Thanks for the response Roy. I was just wondering why the connection of mutation and human (interspecies) evolution is made when it, as far as i know, has never been shown to exist.

Or has it and i just dont know about it?
 
Thanks for the response Roy. I was just wondering why the connection of mutation and human (interspecies) evolution is made when it, as far as i know, has never been shown to exist.

Or has it and i just dont know about it?

???

Mutation is the source for genetic diversity. Not a lot of evolution happens without it.
 
Thanks for the response Roy. I was just wondering why the connection of mutation and human (interspecies) evolution is made when it, as far as i know, has never been shown to exist.

Or has it and i just dont know about it?

We are all different from one another, aren't we? I mean to say, I don't think of the same things you do. I don't look exactly like you.

Not all evolutionary changes are simply because of mutations. We can observe that two plants with genes for tall stems, when bred together, will more often than not generate a new plant that grows taller than either one. And that is just one attribute. There are many attributes of many variabilities within genes even without the presence of a mutation.

A mutation is more like a short cut. It changes the DNA in places or in ways that would either have taken much longer to change otherwise, or would never have occured at all. These changes are also directly related to the cause of the mutation, such as gamma rays to a specific area of a specific tissue will cause generally the same mutation ('generally' simply because the same exact event cannot take place twice).

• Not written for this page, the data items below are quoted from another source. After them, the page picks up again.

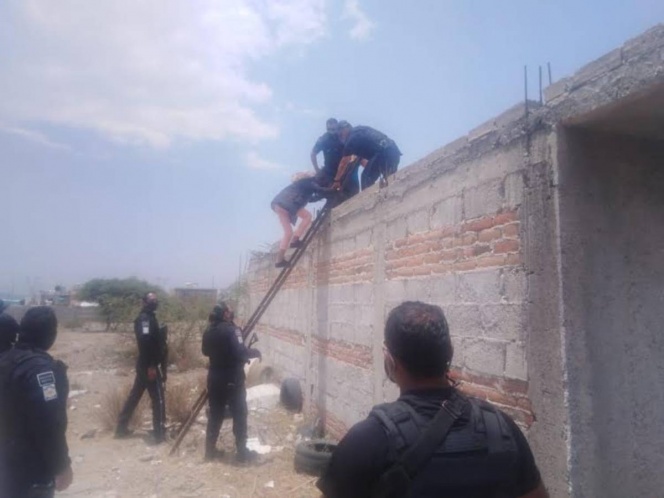 Con el apoyo de una escalera y de elementos de la Secretaría de Seguridad Pública Municipal de San Juan del Río, Querétaro, una mujer y su hija lograron saltar una de las bardas de su domicilio para escapar de la violencia intrafamiliar de que eran víctimas a manos del padre de familia.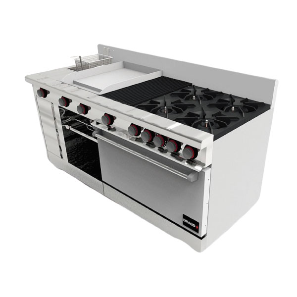Estufa con 4 quemadores, horno, asador de 1 pie, plancha de 2 pies, freidor y gratinador * Medidas 182.9 Fte x 79 Fdo x 90 Alt * Medidas del Horno 66.5 Fte x 58 Fdo x 36.5 Alt * Medidas de la Plancha 91.1 Fte x 50.5 Fdo * Capacidad del freidor de 4 Lts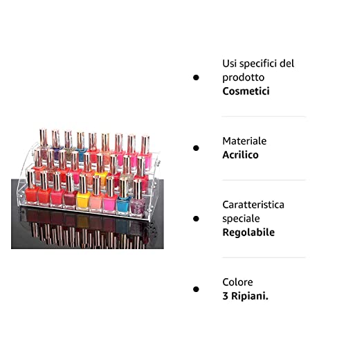 Alta qualità: alta qualità: scaffale per smalto acrilico di qualità professionale con ripiani trasparenti e ringhiera per fornire la massima visibilità per la tua collezione di smalti. Elevata durezza e lucentezza della superficie, ecologico.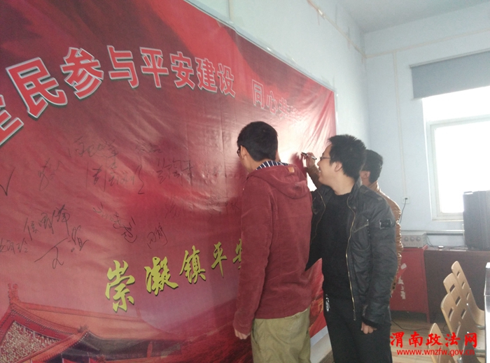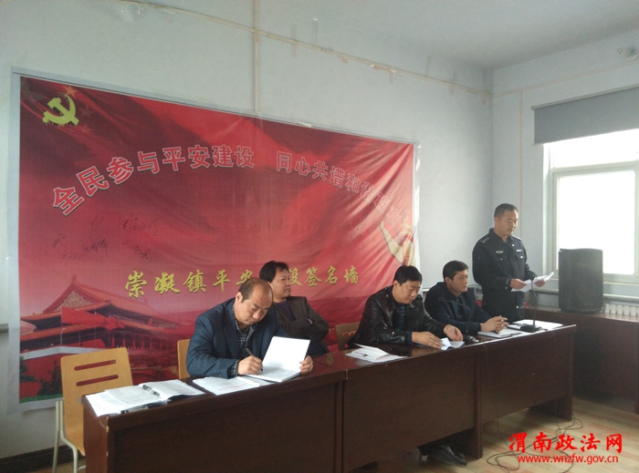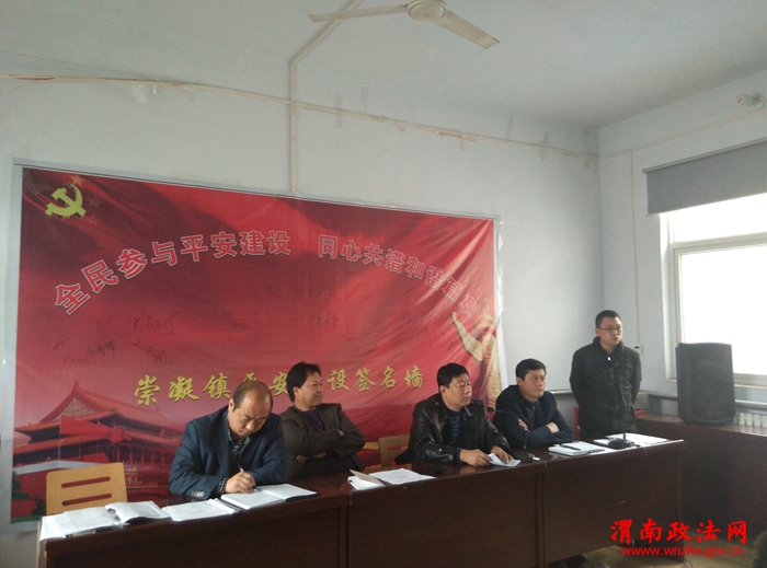 当会全体参会人员参与了“全民参与平安建设,同心共谱和谐篇章”主题签名活动,会议由镇党委书 记耿勃主持,镇党委副书记、综治办主任康国光总结回顾了上半年工作,对近期平安建设进行了再动员再部署,镇党委副书记刘晓亮宣读了《关于成立崇凝镇平安建 设工作领导小组及督查组的决定》文件,崇凝派出所所长张博、崇凝法庭法官刘涛、崇凝初中校长张伟新、崇凝村支部书记李向锋就如何搞好平安建设各项工作任务 进行了表态发言,区委常委、政法委书记党发顺到会并作重要讲话。

But, DNA is all just a long pattern made of the same basic symbols. Think of a DNA strand like a book, in a specific language. The actual substance of the book is just the same symbols, but they are put in different orders which we translate to form ideas. The building blocks of DNA are just words; the DNA itself is the book. Your body is the idea. Because DNA is just a pattern, information can be "added" even by mistakes. A simple error in copying will change the end product depending on where the error was, what it was before, and what it is now. An error in a gene that is switched off won't have any effects. But if the error causes the unused gene to be switched on, then it will have drastic effects. But if the error switches one single symbol for another, then the effect might not even be noticable. But any minor change makes the end product different.

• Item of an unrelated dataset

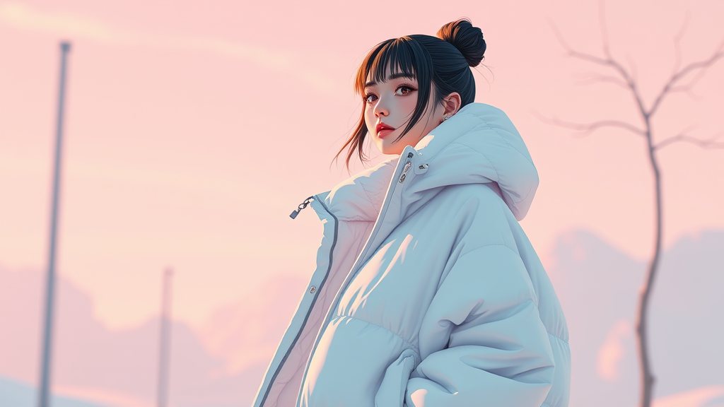 A striking digital illustration of a woman donning an oversized poncho puffer jacket, reminiscent of OffWhite's iconic style, with influences from the nostalgic lofi girl internet meme and Tumblr aesthetics. The scene captures the essence of Yanjun Cheng's artistic flair, with elements trending on Dezeen, and presents a fusion of Beeple's 3D rendering techniques with the captivating cartoon styles of Rhads and Lois van Baarle. Set in bright pastel colors, this retro anime-inspired artwork radiates a whimsical blend of modern and vintage charm, depicting a serene anime girl in a dreamy, easygoing atmosphere.

In this way, it is seemingly impossible that DNA could not change or be changed to become any imaginable (or non-imaginable for that matter) organism possible.
 
hmmmrrrrggghh...grump...

maybe maybe, but in developmental biology you can have an accumulation of mutations that don't do shit by themselves but after enough new mutated material is collected this can be used to change regulatory pathways and processes leading to novelty.

Or gene duplications. In itself they don't do anything at first, but they make it possible to rapidly change a regulatory process leading to new form.

or something like that.

Numerous times I cited examples of novelty traits evolving in canidae evolution: curly tails, upright ears, white spots. This occurs in domesticated dogs, foxes and wolves. But I think you might be thinking of examples in other species? If so, could you share a few?